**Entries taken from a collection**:
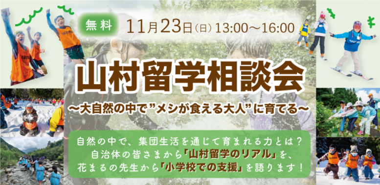 - 【イベント情報】11/23(日)@東京|山村留学相談会 ~大自然のなかで”メシが食える大人”に育てる~
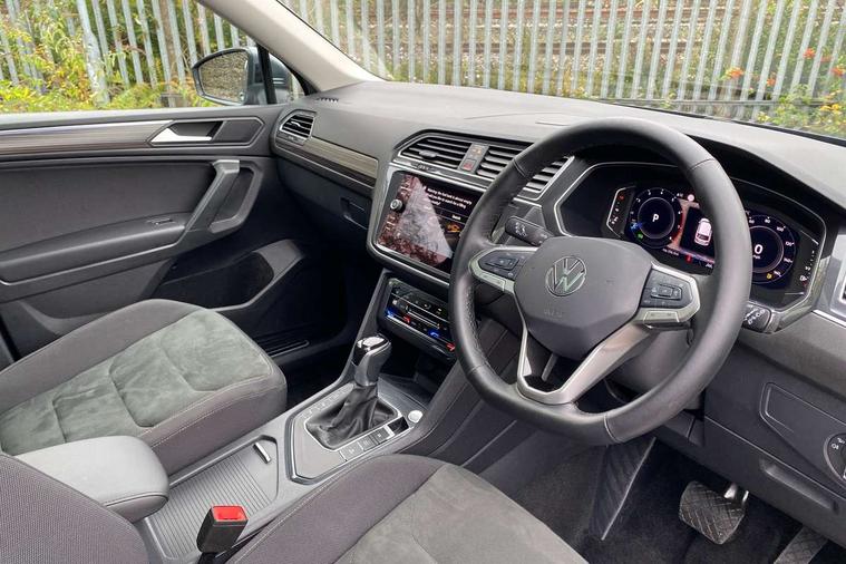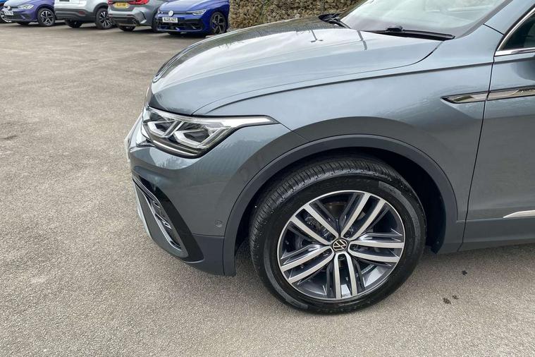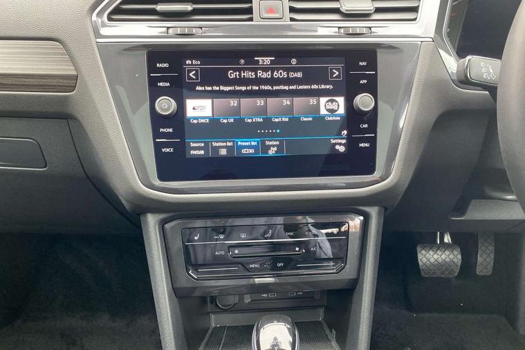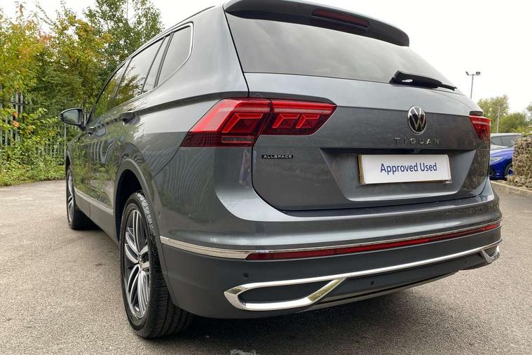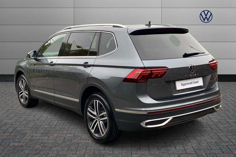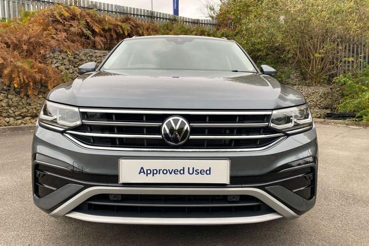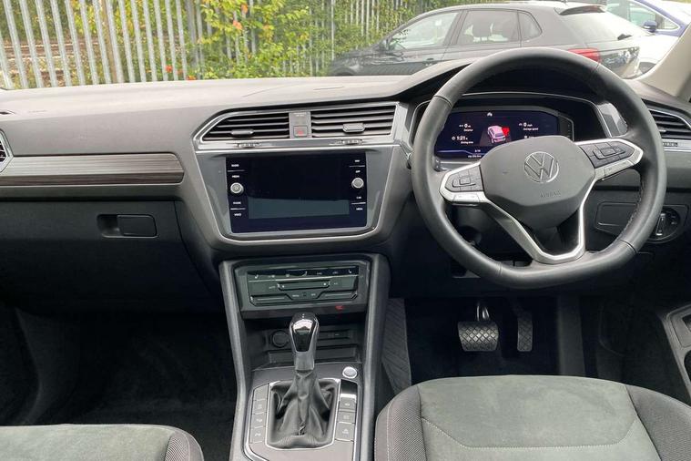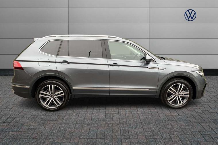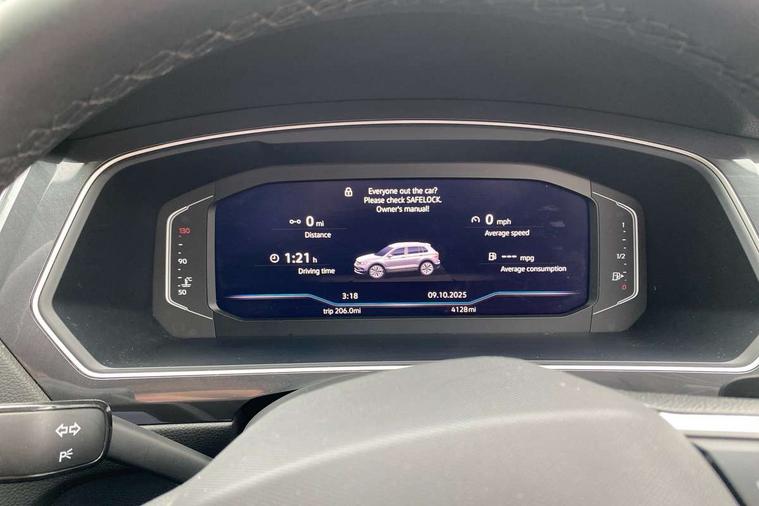 Adaptive cruise control, Advanced driver attention and drowsiness monitor, App-Connect, Digital cockpit pro, Driver profile selection, eCall emergency call service, Electric boot lid, Lane keeping system Lane Assist, Mobile phone interface comfort with inductive charging feature, Multifunction front facing camera, Power assisted speed sensitive steering, Speedo and rev counter, electronic odometer, trip, service interval display and exterior temperature gauge, Front wheel drive, Start-stop system with battery regeneration (recuperation - energy recovery during braking), 2 USB-C ports in the front, 1 USB-C charging socket on the center console in the rear, DAB Digital radio, Diversity antenna for FM reception, Auto dimming interior rear view mirror, Automatic headlight control system, Body coloured comfort bumpers, Chrome mouldings on side window, Coming/leaving home lighting function, Exterior badge deletion, Exterior mirror housings painted in silver, IQ light adv HBC, dyn light assist LED matrix headlamps, DH range, dark red LED rear combo light, poor weather, CL, LED headlamp with LED DRL and DCL - PXC, Privacy glass, Rain sensor, Rear fog light, Rear side wing doors, Rear wiper, Silver roof rails, Third brake light, Tilting and sliding panoramic sunroof, 12-volt outlet in centre console rear and luggage compartment, 12V socket in centre console, 3 head restraints in rear, 3 individual folding 2nd row seats, 3rd row 2 individual seats, Air Care Climatronic 3 zone automatic climate control with enhanced air filter and controls in the rear, Door and side trim panel, Drawers under front seats, Driver and front passenger seat height adjustment, Foldable front passenger seat backrest, Front + rear carpet mats, Front centre armrest, Front footwell illumination, Illuminated scuff plates, ISOFIX anchorage points for mounting 2 child seats on rear seats and i-Size child seats, Leather gearshift handle, Leather-wrapped multi-function steering wheel with shift paddles, LED interior light with switch off delay/dimmer and 2 front/rear LED reading lights, Sun visors with illuminated vanity mirrors, Ambience pack - Tiguan Allspace, Easy open and close pack with safelock - Tiguan Allspace, Park assist pack - Tiguan Allspace, 3 point seat belt for centre rear seat, 3 rear three point seatbelts, ABS+EBD+Brake assist, Driver and front passenger safety-optimised head restraints, Driver's and front passenger's airbag with front passenger's airbag deactivation switch, Electronic parking brake, Electronic Stability Control (ESC) inc EDL (Electronic Differential Lock) and ASR (Traction Control), Height adjustable front 3 point seatbelts + pretensioners, Manual rear child locks, Pedestrian monitoring, Rear disc brakes, Side airbag in front and rear with curtain airbag, Two tone horn, Warning buzzer for seatbelts if unfastened, Anti theft alarm system with interior monitoring, backup horn and towing protection, Anti-theft wheel bolts, Remote central locking with 2 remote folding keys, Chequered flag tinanium decorative inserts,
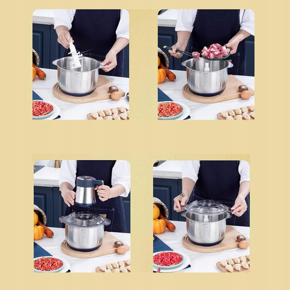 ➡5 скорости h2> - Электрический кухонный измельчитель имеет две скорости. Низкая скорость подходит для обрезки овощей, фруктов, чеснока, перца чили и т. Д.; Высокая скорость подходит для резки мяса, ветчины, моркови и т. Д.
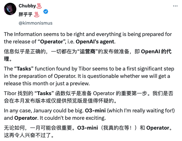 用户 @kimmonismus 就表示:“看起来信息是准确的,这一切似乎都是在为‘Operator’的推出做准备。”
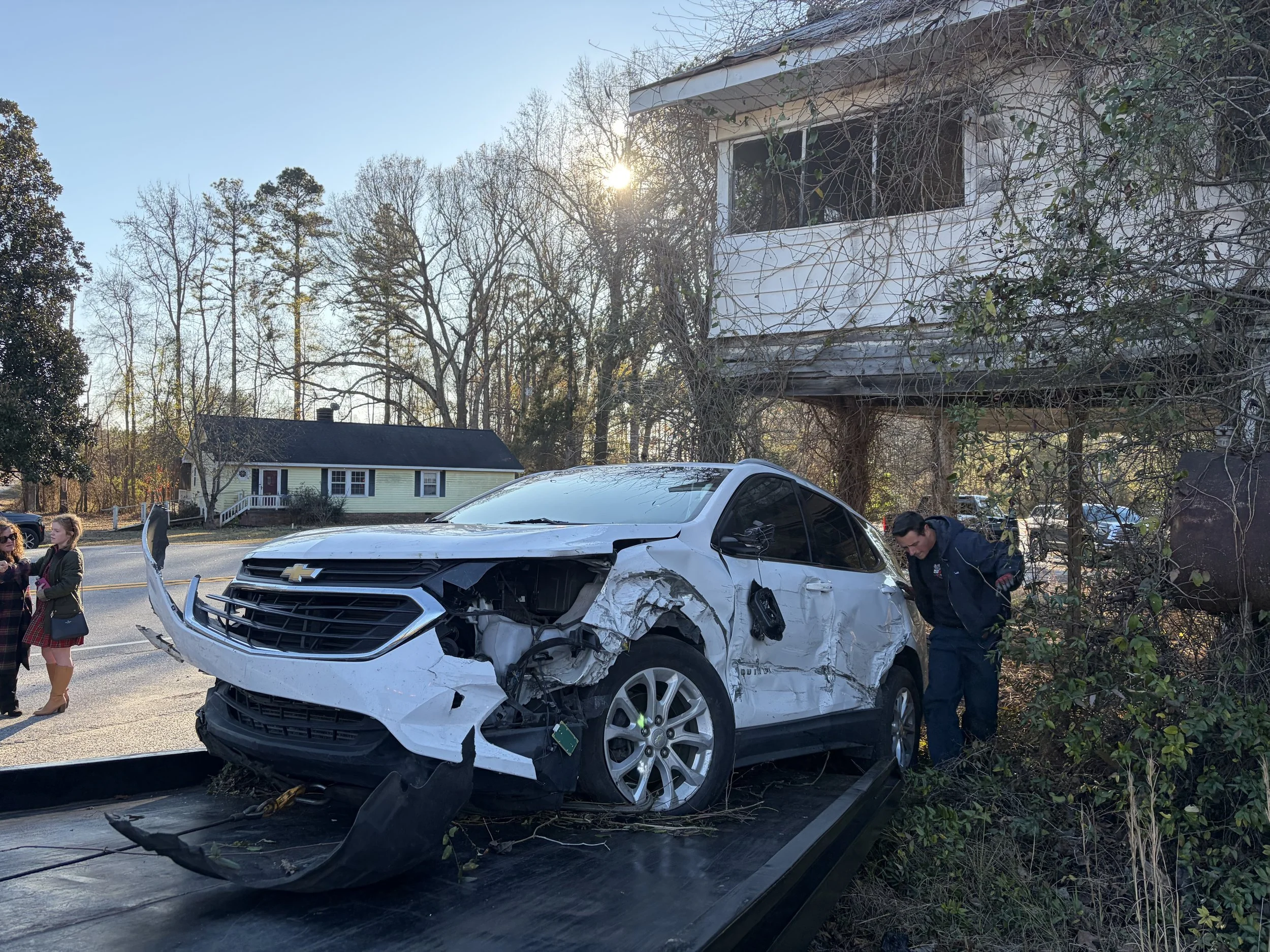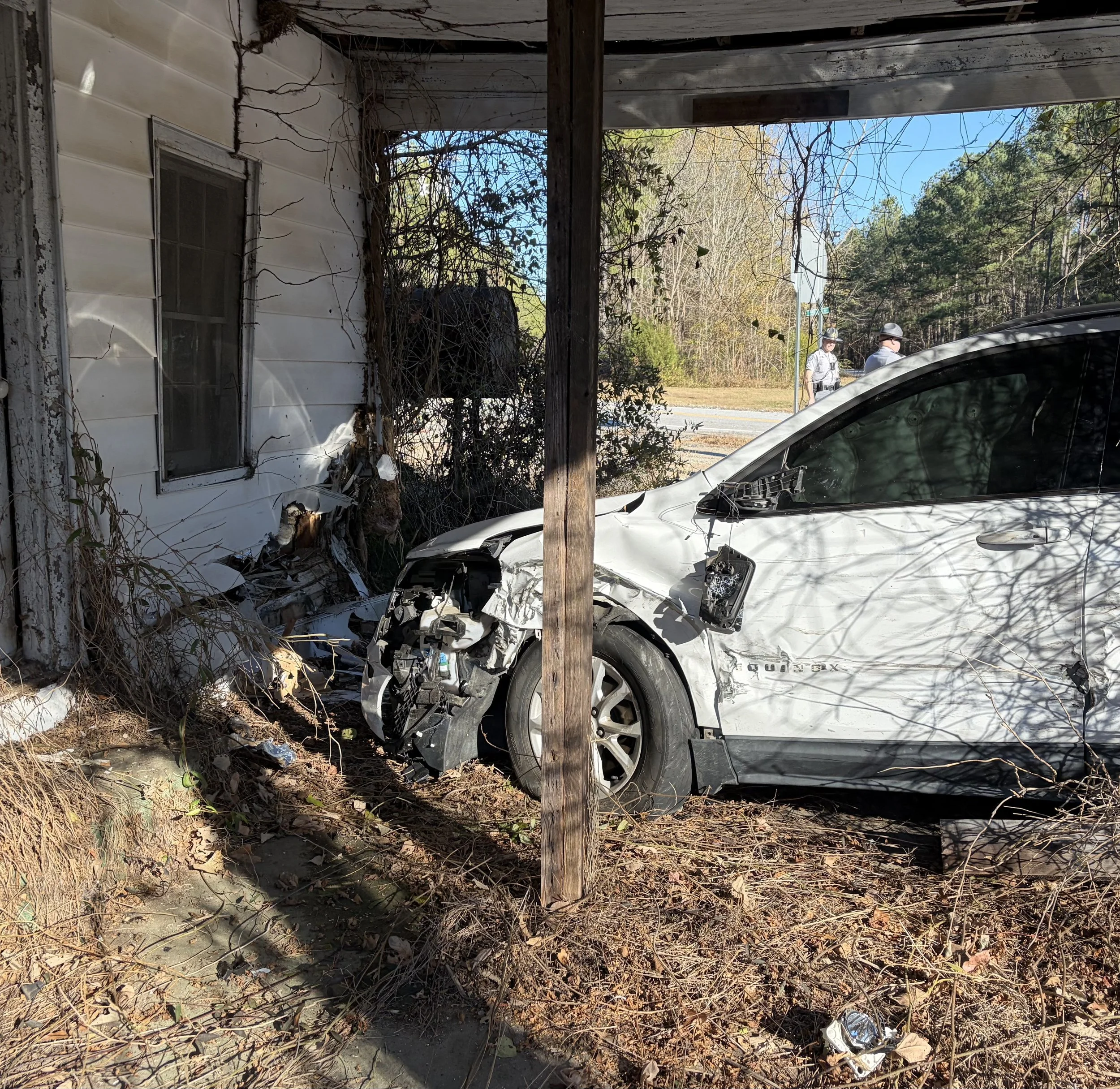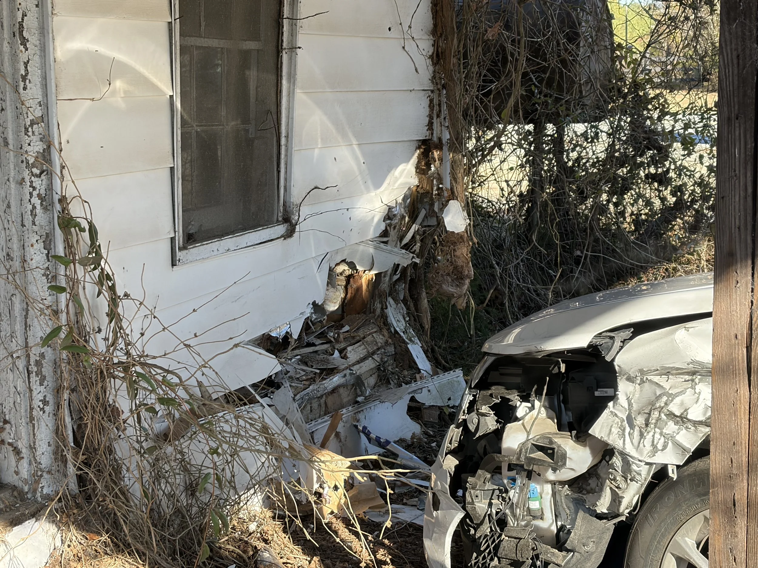 My right foot was stuck, and I could only pull up my left leg. Bringing my left leg from under my steering wheel and over the dash, rolling onto my stomach on top of the console, I kicked the passenger door with all my might and was able to finally free my right foot and crawl out of my car onto the ground underneath the country store. The first sight was the car that hit me and the horrific condition it was in. The driver was still in the car and there was no movement that I could see. Eventually, the driver’s door broke open, and the driver walked out with no injuries. A young, Hispanic man, unable to speak any English, made his way over to me and I flagged down the next vehicle that passed. His name was Mario and he, too, was scared.

**ACTIVITY**:
Every entry belongs in the answer exactly as written, but no picture does.

**OUTPUT OF THE TASK**:
 - 【イベント情報】11/23(日)@東京|山村留学相談会 ~大自然のなかで”メシが食える大人”に育てる~
 Adaptive cruise control, Advanced driver attention and drowsiness monitor, App-Connect, Digital cockpit pro, Driver profile selection, eCall emergency call service, Electric boot lid, Lane keeping system Lane Assist, Mobile phone interface comfort with inductive charging feature, Multifunction front facing camera, Power assisted speed sensitive steering, Speedo and rev counter, electronic odometer, trip, service interval display and exterior temperature gauge, Front wheel drive, Start-stop system with battery regeneration (recuperation - energy recovery during braking), 2 USB-C ports in the front, 1 USB-C charging socket on the center console in the rear, DAB Digital radio, Diversity antenna for FM reception, Auto dimming interior rear view mirror, Automatic headlight control system, Body coloured comfort bumpers, Chrome mouldings on side window, Coming/leaving home lighting function, Exterior badge deletion, Exterior mirror housings painted in silver, IQ light adv HBC, dyn light assist LED matrix headlamps, DH range, dark red LED rear combo light, poor weather, CL, LED headlamp with LED DRL and DCL - PXC, Privacy glass, Rain sensor, Rear fog light, Rear side wing doors, Rear wiper, Silver roof rails, Third brake light, Tilting and sliding panoramic sunroof, 12-volt outlet in centre console rear and luggage compartment, 12V socket in centre console, 3 head restraints in rear, 3 individual folding 2nd row seats, 3rd row 2 individual seats, Air Care Climatronic 3 zone automatic climate control with enhanced air filter and controls in the rear, Door and side trim panel, Drawers under front seats, Driver and front passenger seat height adjustment, Foldable front passenger seat backrest, Front + rear carpet mats, Front centre armrest, Front footwell illumination, Illuminated scuff plates, ISOFIX anchorage points for mounting 2 child seats on rear seats and i-Size child seats, Leather gearshift handle, Leather-wrapped multi-function steering wheel with shift paddles, LED interior light with switch off delay/dimmer and 2 front/rear LED reading lights, Sun visors with illuminated vanity mirrors, Ambience pack - Tiguan Allspace, Easy open and close pack with safelock - Tiguan Allspace, Park assist pack - Tiguan Allspace, 3 point seat belt for centre rear seat, 3 rear three point seatbelts, ABS+EBD+Brake assist, Driver and front passenger safety-optimised head restraints, Driver's and front passenger's airbag with front passenger's airbag deactivation switch, Electronic parking brake, Electronic Stability Control (ESC) inc EDL (Electronic Differential Lock) and ASR (Traction Control), Height adjustable front 3 point seatbelts + pretensioners, Manual rear child locks, Pedestrian monitoring, Rear disc brakes, Side airbag in front and rear with curtain airbag, Two tone horn, Warning buzzer for seatbelts if unfastened, Anti theft alarm system with interior monitoring, backup horn and towing protection, Anti-theft wheel bolts, Remote central locking with 2 remote folding keys, Chequered flag tinanium decorative inserts,
 ➡5 скорости h2> - Электрический кухонный измельчитель имеет две скорости. Низкая скорость подходит для обрезки овощей, фруктов, чеснока, перца чили и т. Д.; Высокая скорость подходит для резки мяса, ветчины, моркови и т. Д.
 用户 @kimmonismus 就表示:“看起来信息是准确的,这一切似乎都是在为‘Operator’的推出做准备。”
 My right foot was stuck, and I could only pull up my left leg. Bringing my left leg from under my steering wheel and over the dash, rolling onto my stomach on top of the console, I kicked the passenger door with all my might and was able to finally free my right foot and crawl out of my car onto the ground underneath the country store. The first sight was the car that hit me and the horrific condition it was in. The driver was still in the car and there was no movement that I could see. Eventually, the driver’s door broke open, and the driver walked out with no injuries. A young, Hispanic man, unable to speak any English, made his way over to me and I flagged down the next vehicle that passed. His name was Mario and he, too, was scared.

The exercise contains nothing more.